How are memory and programmable solutions delivering new classes of products for the data center and the IoT ?

IoT is said to be bringing online billions of new smart and connected devices that are generating a tremendous amount of data. This data must be processed, analyzed and acted upon in real time within the cloud and data centers.

FPGAs, like Stratix 10, are built to support this demand by delivering high-performance, multi-function acceleration to the data center. Microsoft and their use of FPGAs to power Azure and to accelerate Bing are great examples of this acceleration today.

Broadcom did announce 5G a couple of years ago. Is Intel’s 5G any different?

According to Intel, FPGAs will be a key enabler in driving 5G deployments. “As we are in the early stages of 5G where standards are being finalized, the flexibility of FPGAs are invaluable to developers of wireless infrastructure, as the FPGA can be re-programmed as standards are adopted and finalized,” he added.
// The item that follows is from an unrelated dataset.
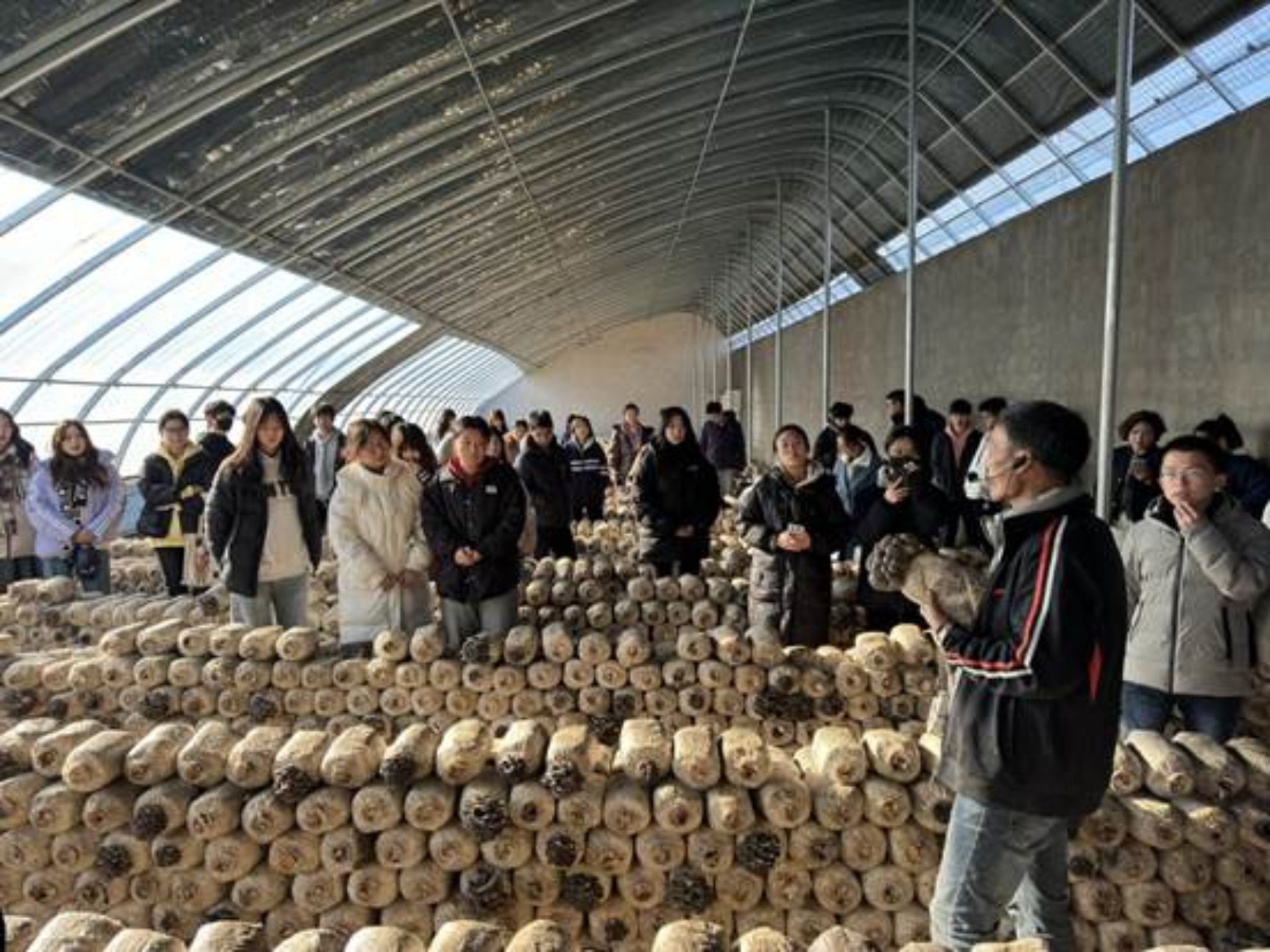 到达北京鸿泽嘉园种植专业合作社后,首先参观食用菌的科研基地,具有丰富经验的食用菌技术人员现场讲解,帮助学生了解食用菌的菌种、生长过程、采摘技巧、如何确保食用菌生长环境、温度和湿度等相关细节问题。通过生动的讲解和图片展示,学生们对食用菌有了初步的认识。随后,在技术人员的指导下,学生们动手采摘食用菌,工作人员强调在采摘过程中避免损伤菌盖、保持菌体完整等。学生们体验采摘食用菌的乐趣,并仔细观察食用菌的生长状态,加深对食用菌生长过程的理解。互动交流环节,学生们围坐在一起,进行热烈的交流与分享。技术人员耐心解答学生们的疑问,并鼓励他们将所学知识应用到实际生活中,比如帮助农户开发销售小程序等,为农户打造便捷高效的线上销售平台,帮助拓宽销售渠道,增强市场竞争力,让优质农产品直达消费者,实现农民增收与乡村振兴的双赢局面。

What is Intel doing in memory and programmable solutions that will make it different?

5G represents a significant shift for the industry, and requires an unprecedented integration of wireless connectivity, computing intelligence, and distributed cloud resources. It will fundamentally transform our lives, bringing us a society that is smarter and more connected.

To realize this potential for the IoT and enable richer experiences throughout daily life, wireless networks must transform to become more powerful, agile and intelligent. Intel is transforming the wireless networks and infrastructure to lay the path to 5G. FPGAs like Stratix 10 and memory are key enabling technologies for Intel.

If you look at some of Stratix 10’s capabilities vs. the prior generation, which companies like Microsoft are using to power its data centers, you get a clear picture of how developers of high-end networking gear, communications infrastructure and data centers will benefit from these high-performance, multi-function accelerators.
* 2X higher performance.
* 5X higher capacity.
* 8X higher TFLOPS.
* Integrated of high-bandwidth memory (HBM2).
* Integrated ARM A53 quad core processor.